Child Support

Child support is set according to a formula described in California Family Code § 4055. The amount of support ordered is dependent on the following factors: Each of the parties net disposable income, approximate time the high earner has physical responsibility for the children compared to the other parent, number of other children supported, costs of child care which enable a person to work or go to school, health care expenses and whether there are extraordinary expenses associated with the children. Travel expenses and costs relating to education and other special needs may be considered by a court. There are exceptions to the formula for low-income parents. You will find the actual formula in the Family Code. Lawyers and practitioners use computer software to determine the actual support levels.

New Spouse Income

In most cases, the income of a parent’s subsequent spouse or nonmarital partner is not considered in setting support.

What is Income?

Generally any income, regardless of its source, is considered by the court as being subject to support determinations. Income includes commissions, salaries, royalties, wages, bonuses, rents, dividends, pensions, interest, trust income, annuities, workers’ compensation benefits, unemployment insurance benefits, disability insurance benefits, social security benefits, and spousal support actually received from a person not a party to the proceeding to establish a child support order. The court can also consider employee benefits or self-employment benefits, weighing the benefit to the employee, any corresponding reduction in living expenses and other relevant facts. Exceptions include income from child support or public assistance which is based on “need.”

Earning Capacity

The court may consider the earning capacity of the parent in lieu of their actual earnings.

Deductions

The following deductions are permitted for calculating net income: Actual state and federal tax liability, FICA, mandatory union dues, deductions for health insurance or health plan premiums, child and spousal support to persons outside this relationship, necessary job expenses, and hardship deductions allowed by the code or by prior court decisions.

AFDC/Welfare

There are special considerations when AFDC payments are being made. See Family Code § 4071.5 & 4200 et seq. There are limitations on the applicability of time share factors, deductions from income and hardships when computing the minimum level to be paid. Payments are made as a reimbursement to the county and not the other parent.

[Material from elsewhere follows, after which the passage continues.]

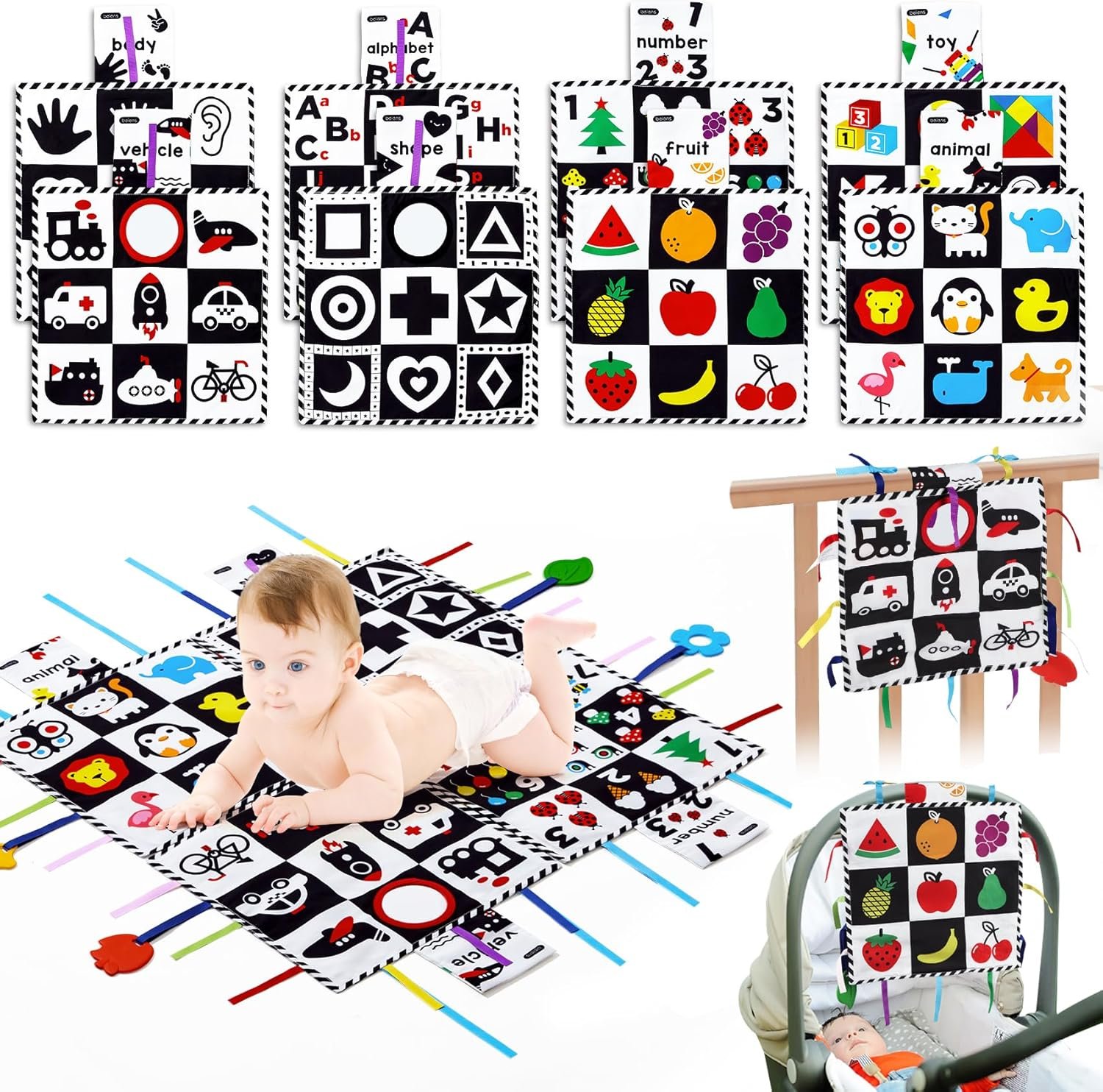 【Great Toys For Tummy Time】The four themes of the tummy time crinkle toys can be BUNDLED together to a large crawl mat, whose size is 23.5″ x 23.5″, allowing the baby to crawl on it and listen to the interesting sounds of this crinkle toy. Crawling on this tummy time mat promotes the development of baby’s muscle. The tummy time mats are made of soft polyester. There are no doubt that they are absolutely safe for your baby thanks to non-toxic, strong stitching and hand washable material.

The vast majority of child support is paid under the Child Support Guideline. The guideline is based on a complicated mathematical formula. In fact, computer programs must be used to calculate child support under the guideline.

Duration of child support

Child support must be paid until the child becomes 18, unless the child has not graduated from high school, in which case the child support continues until the child has graduated high school or becomes 19, which ever occurs first. Presently, the law doe s not give judges the power to make a parent support a child beyond the age of 19, unless the child is physically or mentally disabled. However, the parents can agree that child support is to continue into the college years, and such an agreement will be enforced by the Family Law Court.

Wage assignment

Unless the custodial parent agrees otherwise, all child support is to be paid by a wage assignment. This means that the child support payments are to be deducted from the wages of the parent who is obligated to pay child support.